### Problem description
Make the copy match the entries below exactly, with no pictures carried over.

Records from a data source:
-------

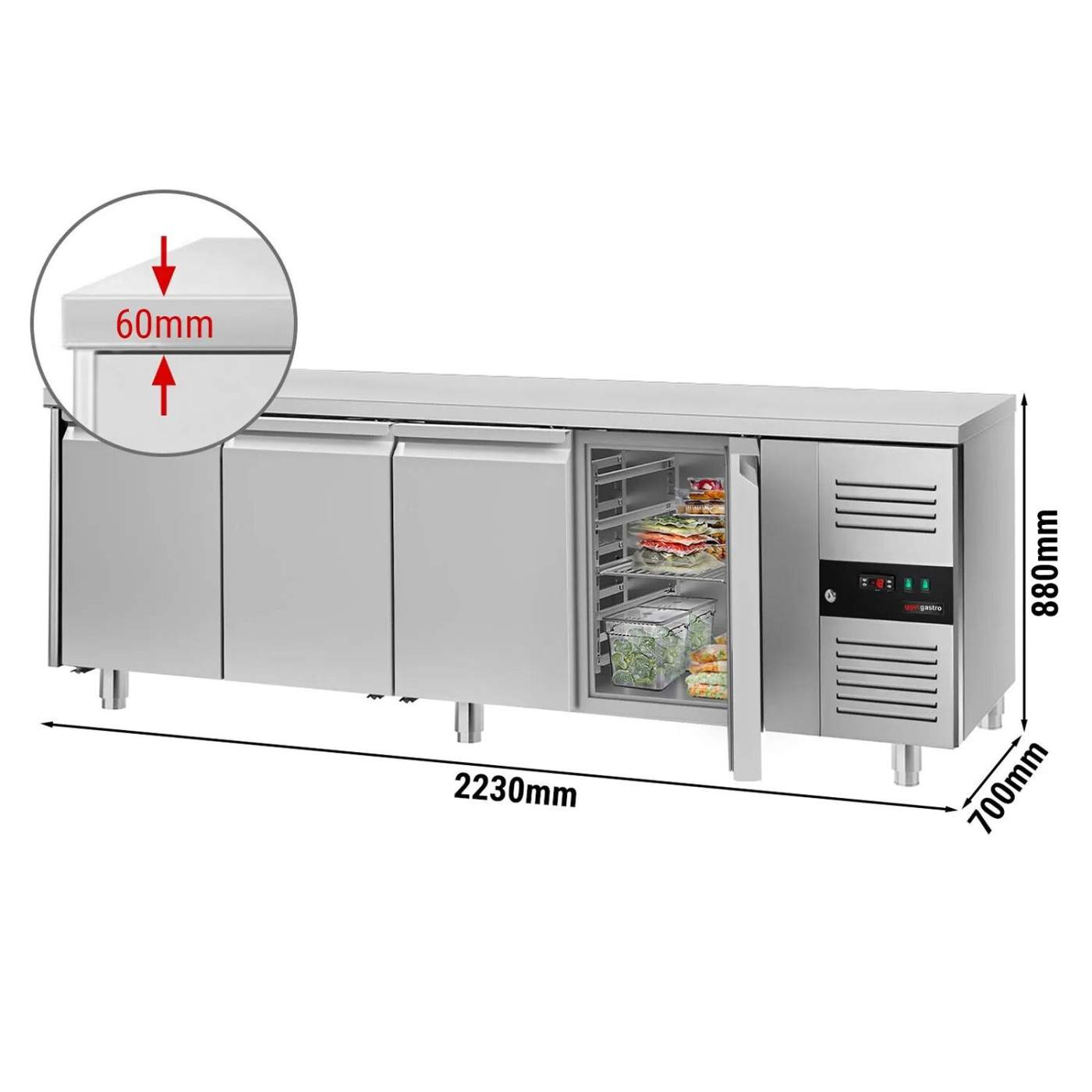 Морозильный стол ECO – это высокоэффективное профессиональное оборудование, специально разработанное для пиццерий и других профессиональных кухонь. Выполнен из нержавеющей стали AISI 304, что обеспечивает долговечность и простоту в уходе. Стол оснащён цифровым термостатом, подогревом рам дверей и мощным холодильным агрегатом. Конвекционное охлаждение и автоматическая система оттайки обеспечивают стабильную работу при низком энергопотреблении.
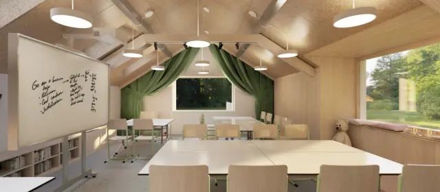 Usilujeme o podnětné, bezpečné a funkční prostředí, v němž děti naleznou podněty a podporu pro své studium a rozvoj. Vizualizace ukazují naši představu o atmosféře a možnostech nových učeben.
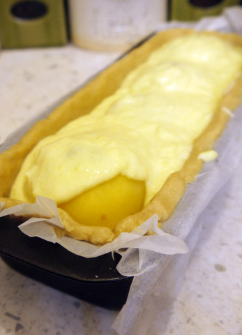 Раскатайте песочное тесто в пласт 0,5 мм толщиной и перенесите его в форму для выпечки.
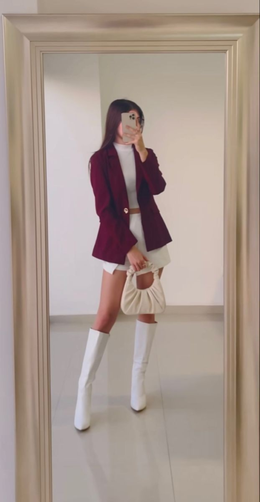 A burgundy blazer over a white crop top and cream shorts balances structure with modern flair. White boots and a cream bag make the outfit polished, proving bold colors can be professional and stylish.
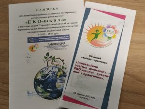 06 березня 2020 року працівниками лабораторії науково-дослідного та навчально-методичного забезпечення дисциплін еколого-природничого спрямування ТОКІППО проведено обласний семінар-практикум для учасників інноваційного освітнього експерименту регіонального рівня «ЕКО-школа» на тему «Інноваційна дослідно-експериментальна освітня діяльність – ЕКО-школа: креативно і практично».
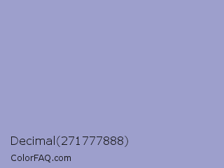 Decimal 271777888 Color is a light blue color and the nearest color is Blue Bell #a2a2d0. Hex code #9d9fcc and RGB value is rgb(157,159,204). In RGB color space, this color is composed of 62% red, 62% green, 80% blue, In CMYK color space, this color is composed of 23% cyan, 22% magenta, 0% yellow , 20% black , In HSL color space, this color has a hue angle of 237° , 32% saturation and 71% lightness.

-------

### Exercise response
 Морозильный стол ECO – это высокоэффективное профессиональное оборудование, специально разработанное для пиццерий и других профессиональных кухонь. Выполнен из нержавеющей стали AISI 304, что обеспечивает долговечность и простоту в уходе. Стол оснащён цифровым термостатом, подогревом рам дверей и мощным холодильным агрегатом. Конвекционное охлаждение и автоматическая система оттайки обеспечивают стабильную работу при низком энергопотреблении.
 Usilujeme o podnětné, bezpečné a funkční prostředí, v němž děti naleznou podněty a podporu pro své studium a rozvoj. Vizualizace ukazují naši představu o atmosféře a možnostech nových učeben.
 Раскатайте песочное тесто в пласт 0,5 мм толщиной и перенесите его в форму для выпечки.
 A burgundy blazer over a white crop top and cream shorts balances structure with modern flair. White boots and a cream bag make the outfit polished, proving bold colors can be professional and stylish.
 06 березня 2020 року працівниками лабораторії науково-дослідного та навчально-методичного забезпечення дисциплін еколого-природничого спрямування ТОКІППО проведено обласний семінар-практикум для учасників інноваційного освітнього експерименту регіонального рівня «ЕКО-школа» на тему «Інноваційна дослідно-експериментальна освітня діяльність – ЕКО-школа: креативно і практично».
 Decimal 271777888 Color is a light blue color and the nearest color is Blue Bell #a2a2d0. Hex code #9d9fcc and RGB value is rgb(157,159,204). In RGB color space, this color is composed of 62% red, 62% green, 80% blue, In CMYK color space, this color is composed of 23% cyan, 22% magenta, 0% yellow , 20% black , In HSL color space, this color has a hue angle of 237° , 32% saturation and 71% lightness.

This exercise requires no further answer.